━━ Source material

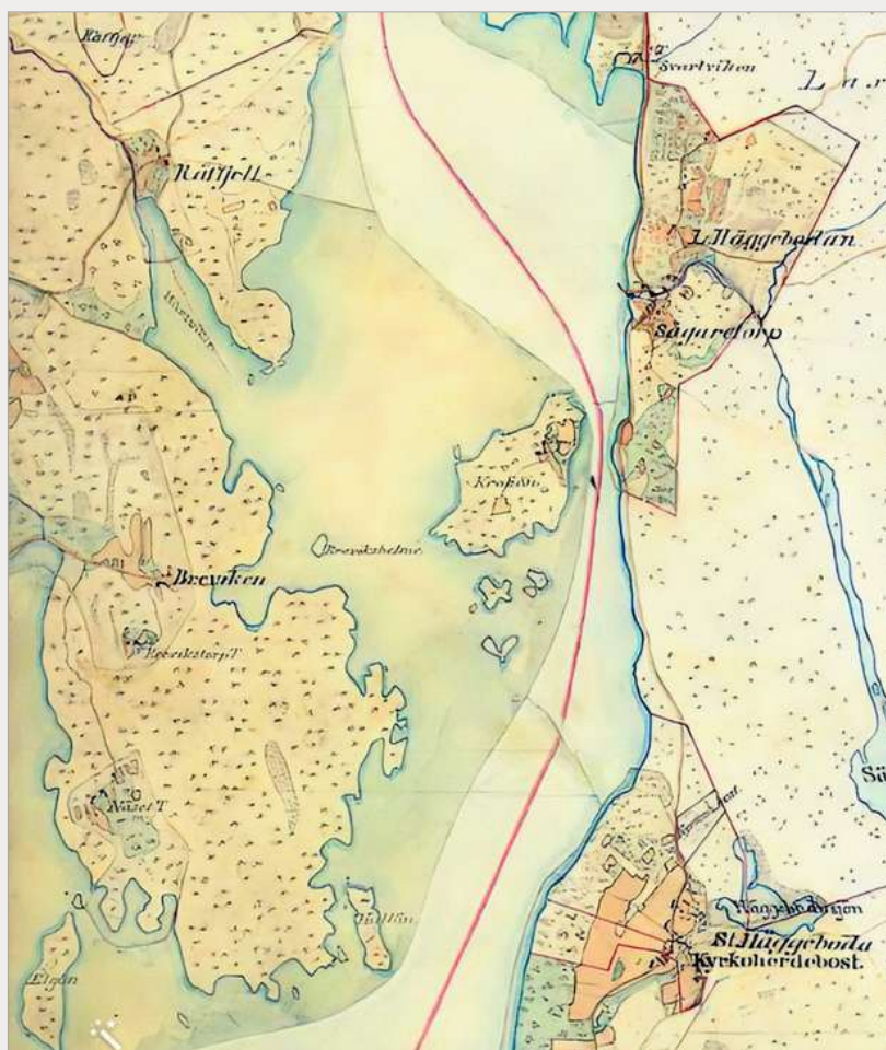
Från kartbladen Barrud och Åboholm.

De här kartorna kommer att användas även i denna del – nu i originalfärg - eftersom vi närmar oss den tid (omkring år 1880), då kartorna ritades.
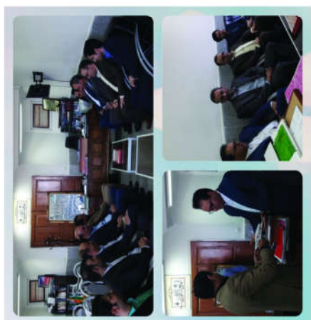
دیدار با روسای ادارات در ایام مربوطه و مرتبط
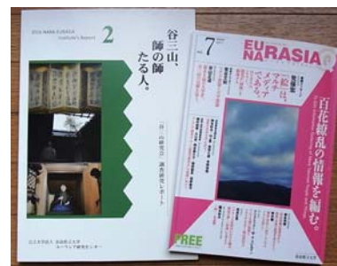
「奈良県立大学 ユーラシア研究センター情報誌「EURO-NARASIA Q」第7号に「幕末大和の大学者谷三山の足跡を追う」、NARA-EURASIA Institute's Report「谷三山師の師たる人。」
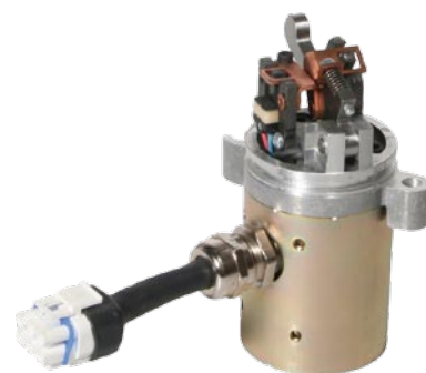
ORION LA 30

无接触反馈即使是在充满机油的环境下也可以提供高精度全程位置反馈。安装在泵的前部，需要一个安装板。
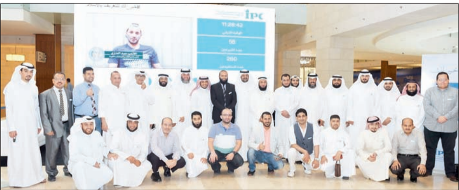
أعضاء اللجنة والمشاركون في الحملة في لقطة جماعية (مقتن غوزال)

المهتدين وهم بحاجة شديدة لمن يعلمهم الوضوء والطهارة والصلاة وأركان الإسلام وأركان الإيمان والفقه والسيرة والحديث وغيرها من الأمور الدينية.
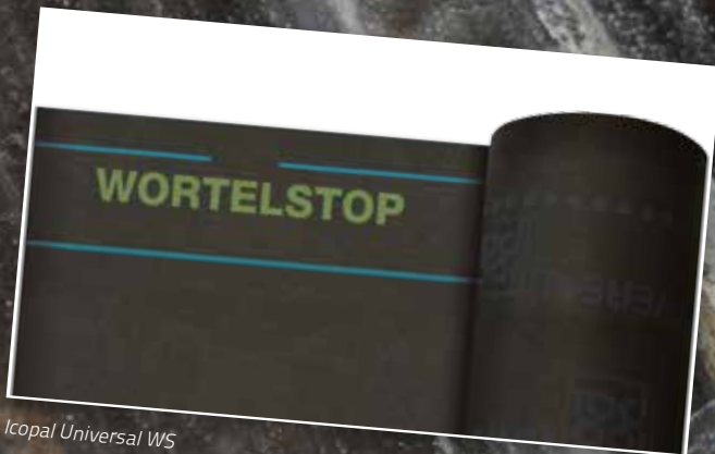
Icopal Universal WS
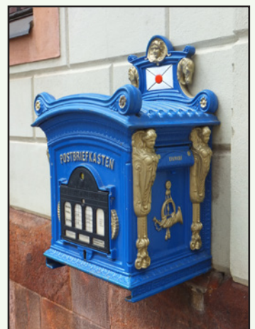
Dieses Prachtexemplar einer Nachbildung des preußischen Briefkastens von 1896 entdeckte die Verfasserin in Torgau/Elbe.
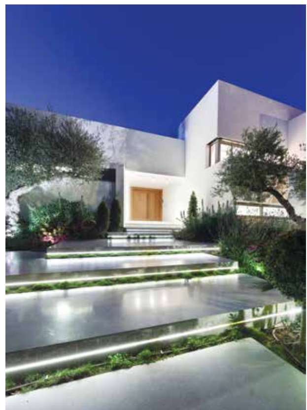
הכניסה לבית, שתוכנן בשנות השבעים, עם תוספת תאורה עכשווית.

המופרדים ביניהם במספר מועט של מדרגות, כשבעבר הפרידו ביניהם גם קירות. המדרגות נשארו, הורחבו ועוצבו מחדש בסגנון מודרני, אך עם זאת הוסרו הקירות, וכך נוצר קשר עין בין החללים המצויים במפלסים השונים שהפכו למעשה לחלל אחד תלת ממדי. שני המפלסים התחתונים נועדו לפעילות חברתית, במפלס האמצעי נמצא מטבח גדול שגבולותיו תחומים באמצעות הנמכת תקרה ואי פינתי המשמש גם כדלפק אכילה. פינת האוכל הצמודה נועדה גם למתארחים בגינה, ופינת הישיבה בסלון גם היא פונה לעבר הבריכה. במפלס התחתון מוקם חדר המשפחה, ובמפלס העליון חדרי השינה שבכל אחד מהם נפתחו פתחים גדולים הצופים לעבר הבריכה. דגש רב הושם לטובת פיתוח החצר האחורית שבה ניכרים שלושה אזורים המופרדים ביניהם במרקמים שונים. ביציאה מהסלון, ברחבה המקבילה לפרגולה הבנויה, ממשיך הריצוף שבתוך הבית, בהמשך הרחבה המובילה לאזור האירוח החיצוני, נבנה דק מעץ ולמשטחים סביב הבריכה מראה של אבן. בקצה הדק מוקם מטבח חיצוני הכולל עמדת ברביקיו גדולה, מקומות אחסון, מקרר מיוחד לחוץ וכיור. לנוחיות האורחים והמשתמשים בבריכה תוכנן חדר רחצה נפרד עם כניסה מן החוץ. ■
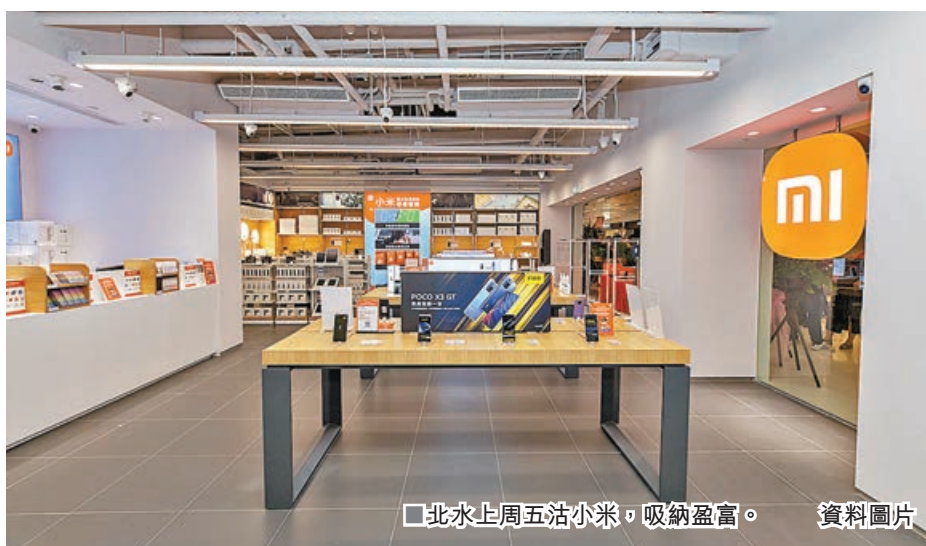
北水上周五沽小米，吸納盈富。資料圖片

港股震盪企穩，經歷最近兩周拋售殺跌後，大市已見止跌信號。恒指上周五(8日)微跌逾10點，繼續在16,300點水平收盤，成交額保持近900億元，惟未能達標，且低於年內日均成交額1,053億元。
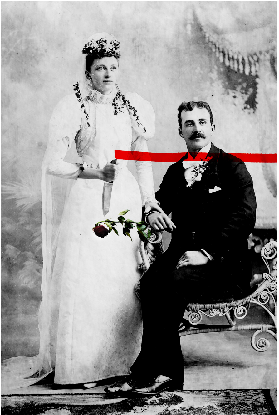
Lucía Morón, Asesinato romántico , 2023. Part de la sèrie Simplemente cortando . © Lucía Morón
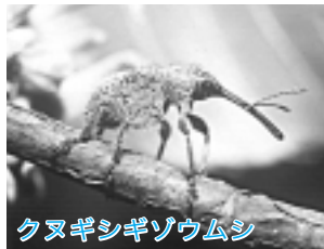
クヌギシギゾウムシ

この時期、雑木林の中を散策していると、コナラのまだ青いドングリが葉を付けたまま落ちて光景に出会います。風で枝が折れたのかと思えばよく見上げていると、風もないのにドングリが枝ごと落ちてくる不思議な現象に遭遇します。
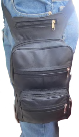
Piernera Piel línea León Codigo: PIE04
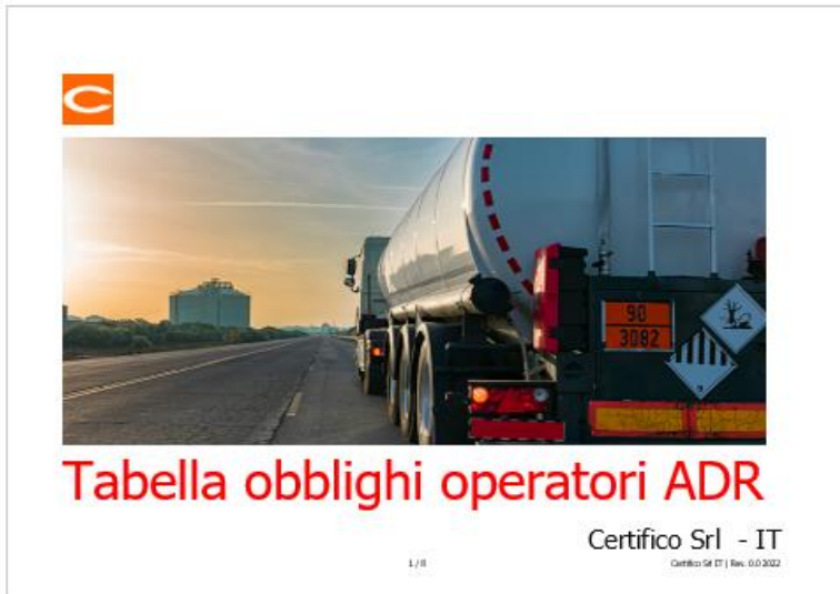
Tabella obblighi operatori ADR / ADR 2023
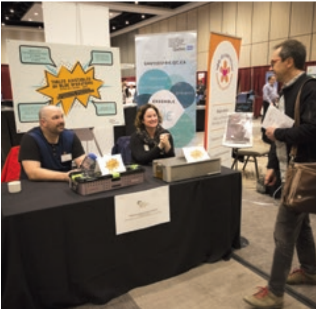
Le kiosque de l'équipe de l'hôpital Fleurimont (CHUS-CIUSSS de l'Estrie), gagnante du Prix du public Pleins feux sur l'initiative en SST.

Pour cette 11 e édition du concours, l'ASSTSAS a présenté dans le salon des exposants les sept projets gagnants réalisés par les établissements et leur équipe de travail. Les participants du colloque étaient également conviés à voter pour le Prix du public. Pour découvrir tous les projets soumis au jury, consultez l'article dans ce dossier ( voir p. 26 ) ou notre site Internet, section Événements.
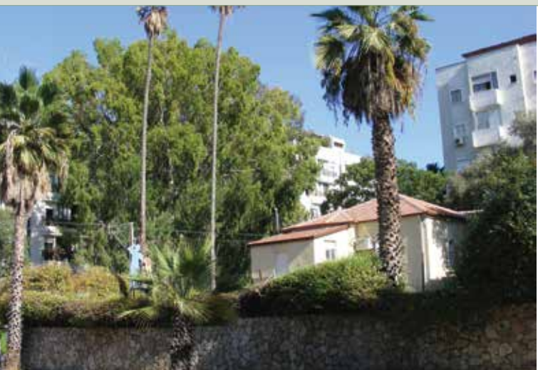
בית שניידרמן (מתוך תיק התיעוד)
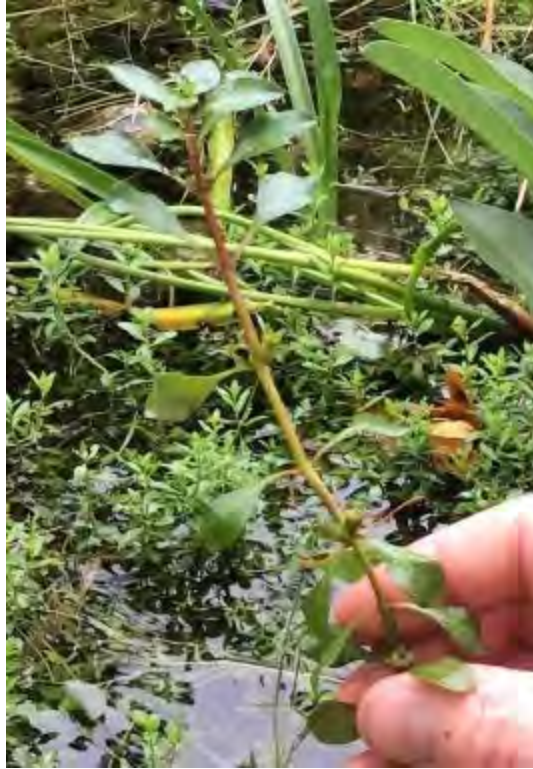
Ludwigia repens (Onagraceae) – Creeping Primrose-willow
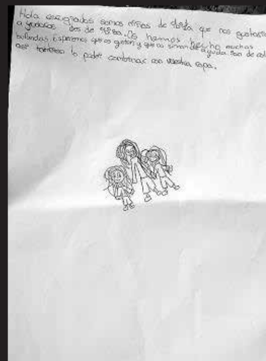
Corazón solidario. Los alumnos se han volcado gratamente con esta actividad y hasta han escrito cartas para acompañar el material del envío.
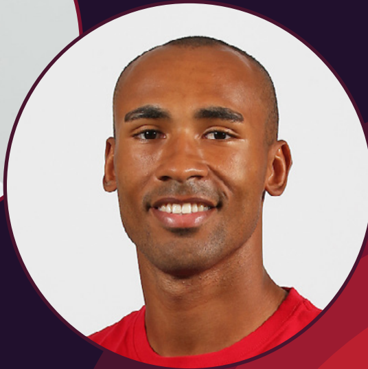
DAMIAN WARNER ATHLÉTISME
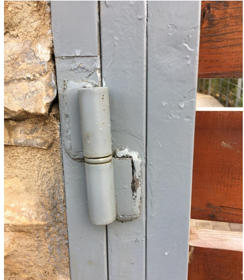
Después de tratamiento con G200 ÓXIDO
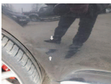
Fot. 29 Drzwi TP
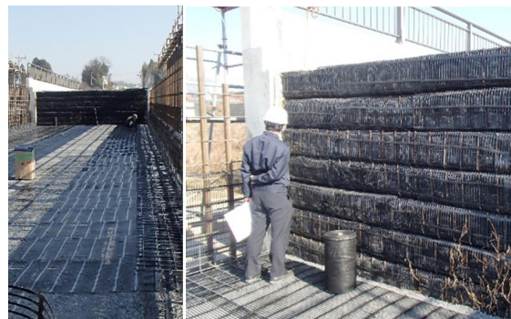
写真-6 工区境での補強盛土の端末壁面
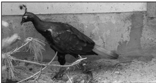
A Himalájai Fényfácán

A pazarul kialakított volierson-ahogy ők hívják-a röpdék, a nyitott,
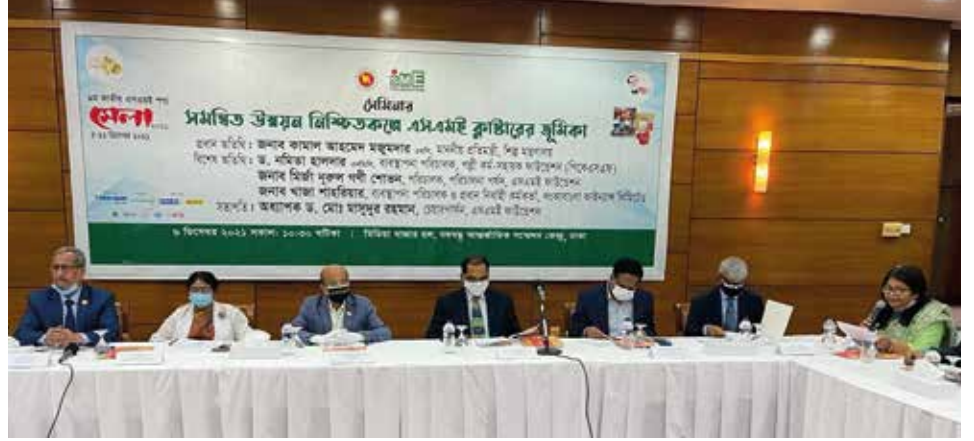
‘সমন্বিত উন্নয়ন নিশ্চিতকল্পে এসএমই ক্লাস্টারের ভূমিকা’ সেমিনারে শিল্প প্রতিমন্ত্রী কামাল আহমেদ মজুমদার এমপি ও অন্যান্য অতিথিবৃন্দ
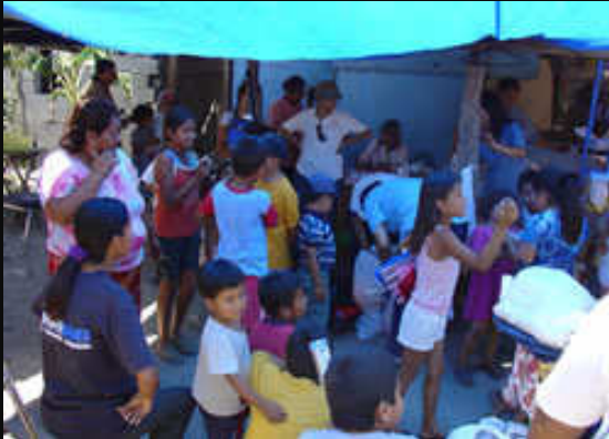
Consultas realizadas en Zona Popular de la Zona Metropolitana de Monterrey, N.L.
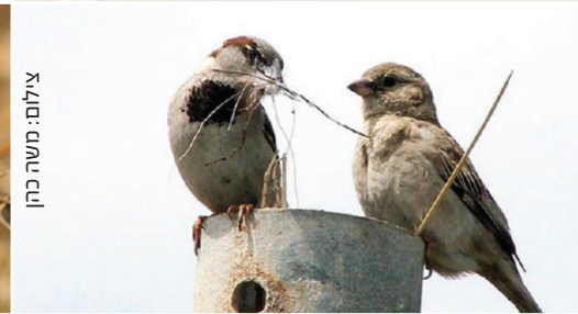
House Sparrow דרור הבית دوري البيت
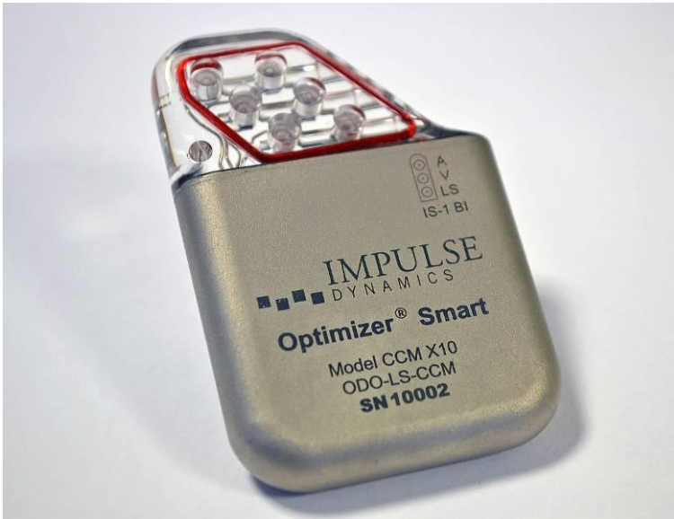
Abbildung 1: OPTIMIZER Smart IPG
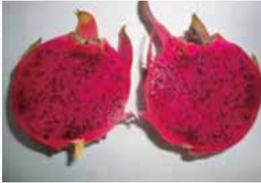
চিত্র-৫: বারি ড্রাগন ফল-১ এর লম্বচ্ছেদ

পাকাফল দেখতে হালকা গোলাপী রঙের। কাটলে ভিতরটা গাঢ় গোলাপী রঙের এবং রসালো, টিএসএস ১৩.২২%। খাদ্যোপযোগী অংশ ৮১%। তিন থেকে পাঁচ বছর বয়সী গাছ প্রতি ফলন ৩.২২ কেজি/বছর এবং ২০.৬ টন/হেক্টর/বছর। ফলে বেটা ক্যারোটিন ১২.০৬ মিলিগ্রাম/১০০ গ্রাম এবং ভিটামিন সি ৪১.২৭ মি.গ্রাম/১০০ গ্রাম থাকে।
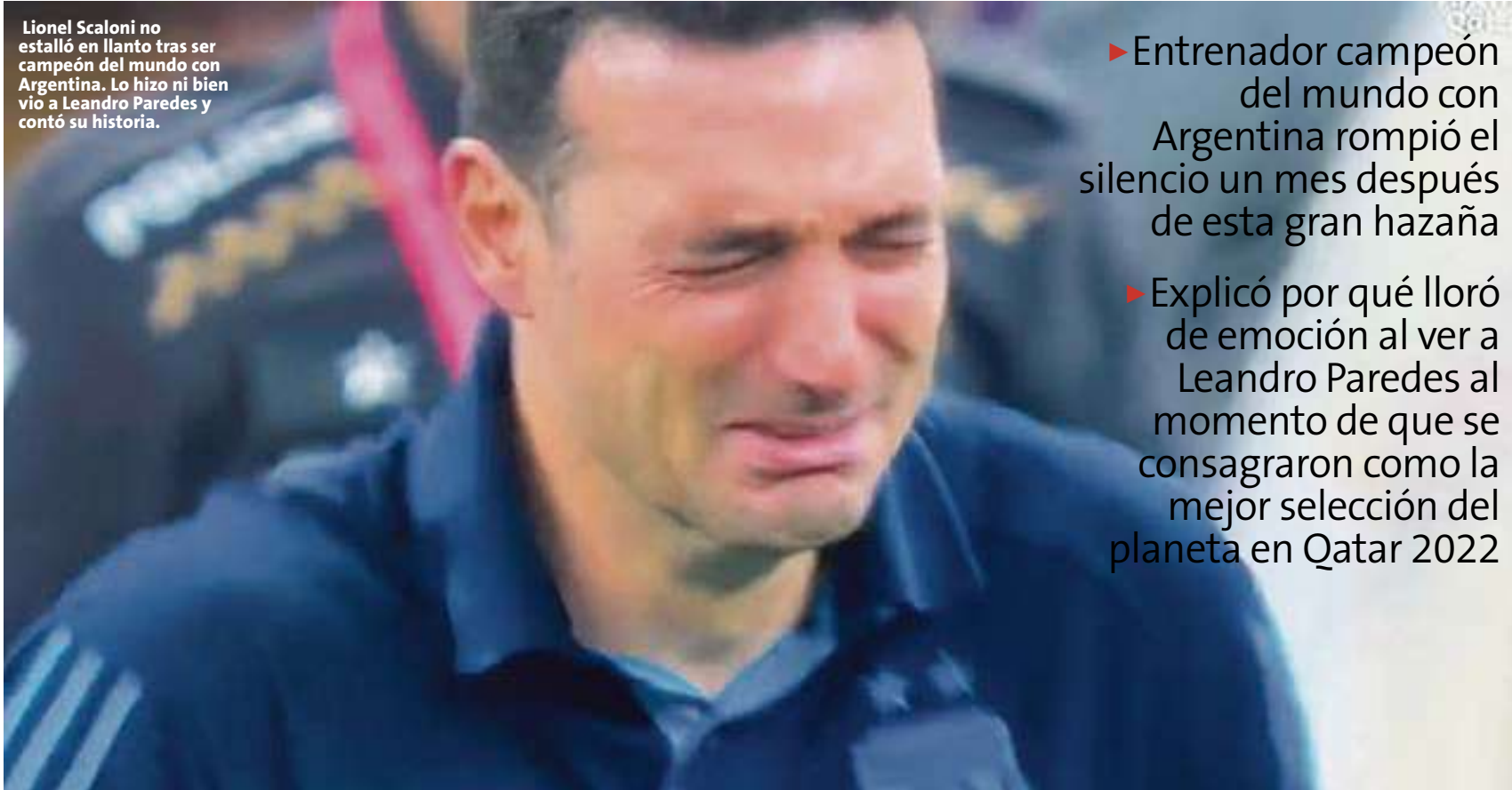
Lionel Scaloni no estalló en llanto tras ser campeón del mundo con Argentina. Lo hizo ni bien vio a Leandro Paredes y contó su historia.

━━━━

**Exercise description**
Identify the lines of the data that contain the word "équipe". Copy each of them.

**Expected output**
Le kiosque de l'équipe de l'hôpital Fleurimont (CHUS-CIUSSS de l'Estrie), gagnante du Prix du public Pleins feux sur l'initiative en SST.
Pour cette 11 e édition du concours, l'ASSTSAS a présenté dans le salon des exposants les sept projets gagnants réalisés par les établissements et leur équipe de travail. Les participants du colloque étaient également conviés à voter pour le Prix du public. Pour découvrir tous les projets soumis au jury, consultez l'article dans ce dossier ( voir p. 26 ) ou notre site Internet, section Événements.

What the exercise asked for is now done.